---- Data under study

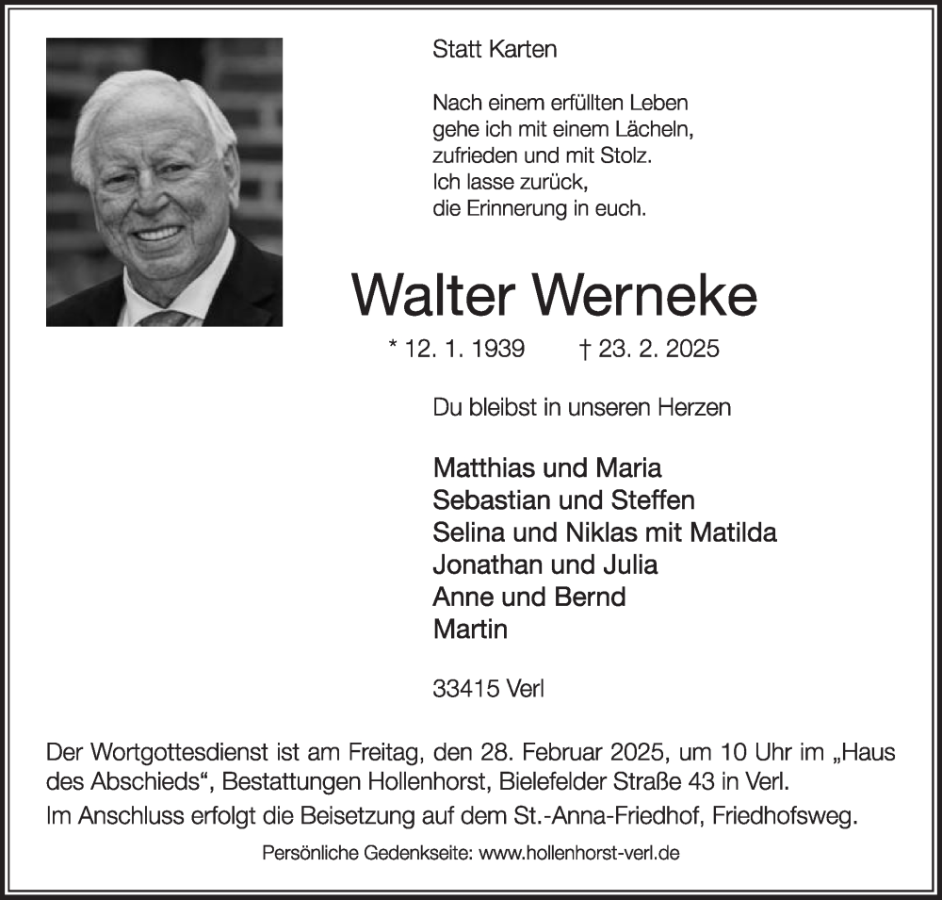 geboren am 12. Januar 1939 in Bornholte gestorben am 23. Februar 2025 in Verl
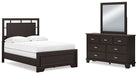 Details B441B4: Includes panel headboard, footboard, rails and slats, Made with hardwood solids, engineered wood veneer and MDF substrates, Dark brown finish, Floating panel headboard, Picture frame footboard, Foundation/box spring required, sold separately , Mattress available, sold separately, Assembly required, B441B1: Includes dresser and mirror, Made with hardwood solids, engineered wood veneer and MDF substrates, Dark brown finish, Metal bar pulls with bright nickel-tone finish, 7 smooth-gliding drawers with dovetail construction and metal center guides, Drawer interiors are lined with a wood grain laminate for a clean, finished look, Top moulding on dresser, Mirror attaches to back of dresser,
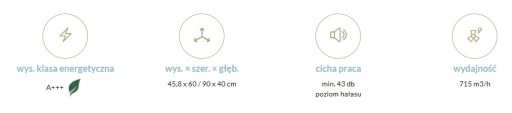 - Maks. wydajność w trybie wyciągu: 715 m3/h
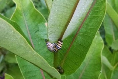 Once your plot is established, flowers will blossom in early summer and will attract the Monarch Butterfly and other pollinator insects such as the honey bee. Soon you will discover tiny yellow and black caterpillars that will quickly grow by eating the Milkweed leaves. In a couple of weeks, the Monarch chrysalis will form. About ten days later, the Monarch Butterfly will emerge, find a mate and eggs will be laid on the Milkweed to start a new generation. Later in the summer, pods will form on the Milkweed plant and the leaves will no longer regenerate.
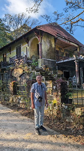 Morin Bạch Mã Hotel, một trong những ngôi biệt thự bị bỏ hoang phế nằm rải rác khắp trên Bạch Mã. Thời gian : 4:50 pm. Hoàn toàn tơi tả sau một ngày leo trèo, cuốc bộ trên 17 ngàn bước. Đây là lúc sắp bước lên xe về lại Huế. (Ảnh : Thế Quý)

--------
---- Data under study

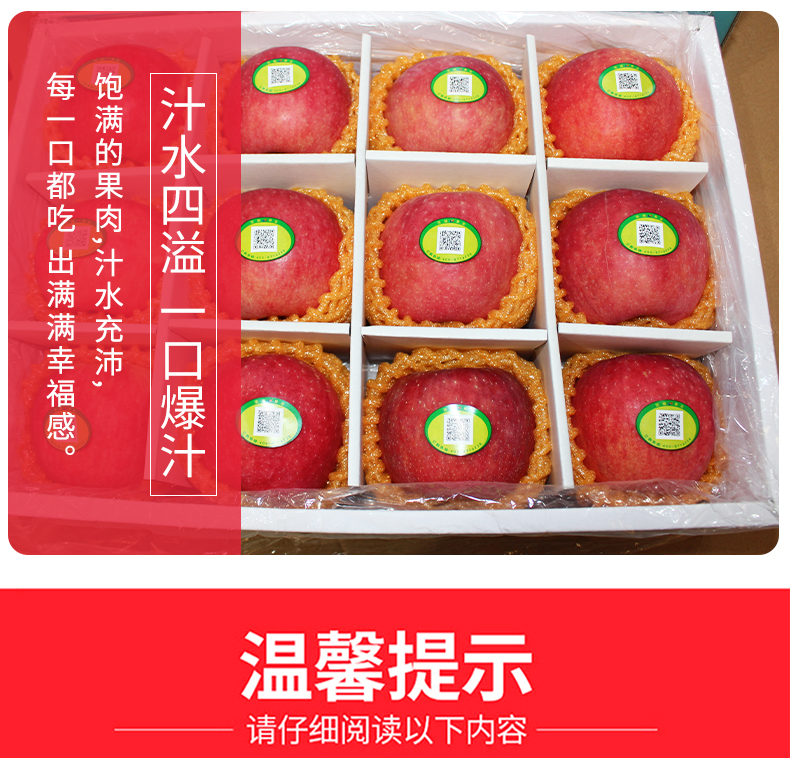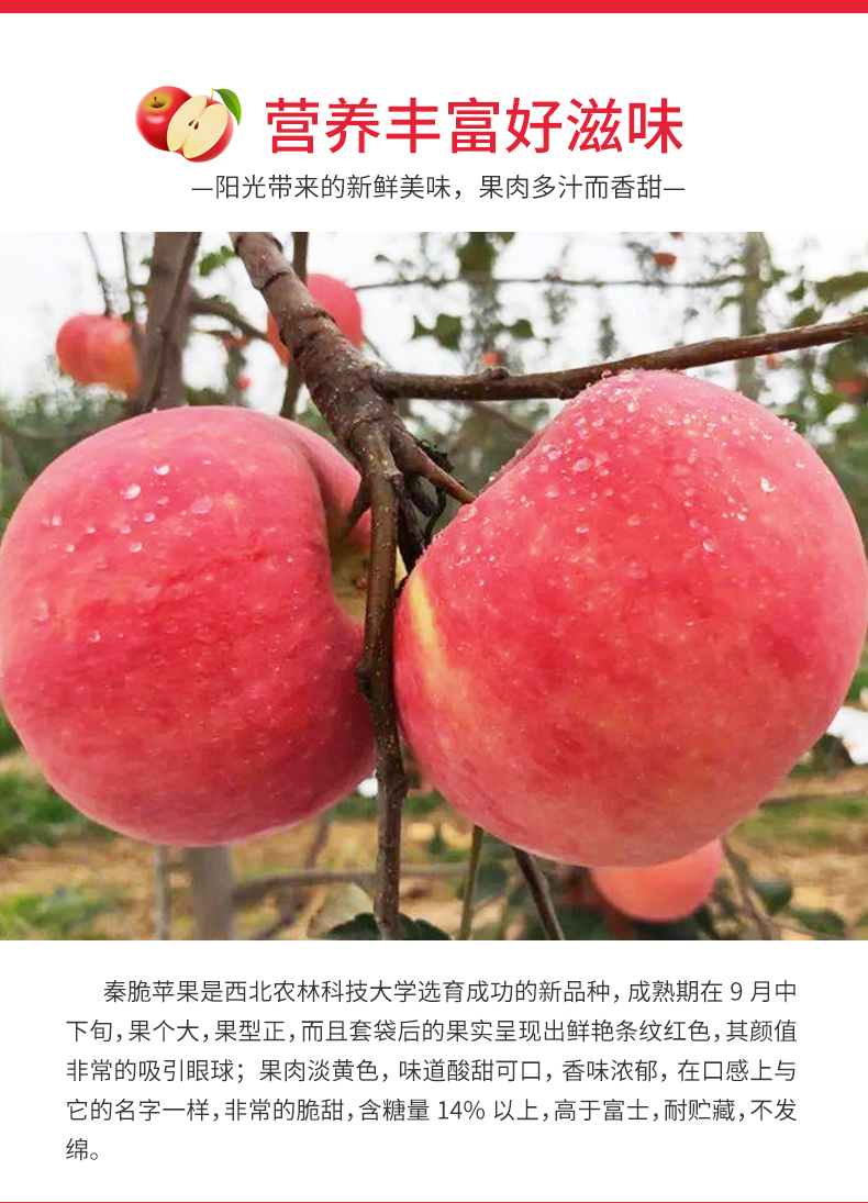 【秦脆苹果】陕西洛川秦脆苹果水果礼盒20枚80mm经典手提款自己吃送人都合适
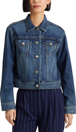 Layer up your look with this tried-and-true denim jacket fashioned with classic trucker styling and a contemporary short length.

--------

- _Aim of the exercise_
Each line from the one that contains "geboren am 12." down to the one that contains "- Maks. wydajność w trybie wyciągu: 715 m3/h" is to be returned exactly as it stands above, both ends included, with pictures removed.

- _Solution for this exercise_
 geboren am 12. Januar 1939 in Bornholte gestorben am 23. Februar 2025 in Verl
 Details B441B4: Includes panel headboard, footboard, rails and slats, Made with hardwood solids, engineered wood veneer and MDF substrates, Dark brown finish, Floating panel headboard, Picture frame footboard, Foundation/box spring required, sold separately , Mattress available, sold separately, Assembly required, B441B1: Includes dresser and mirror, Made with hardwood solids, engineered wood veneer and MDF substrates, Dark brown finish, Metal bar pulls with bright nickel-tone finish, 7 smooth-gliding drawers with dovetail construction and metal center guides, Drawer interiors are lined with a wood grain laminate for a clean, finished look, Top moulding on dresser, Mirror attaches to back of dresser,
 - Maks. wydajność w trybie wyciągu: 715 m3/h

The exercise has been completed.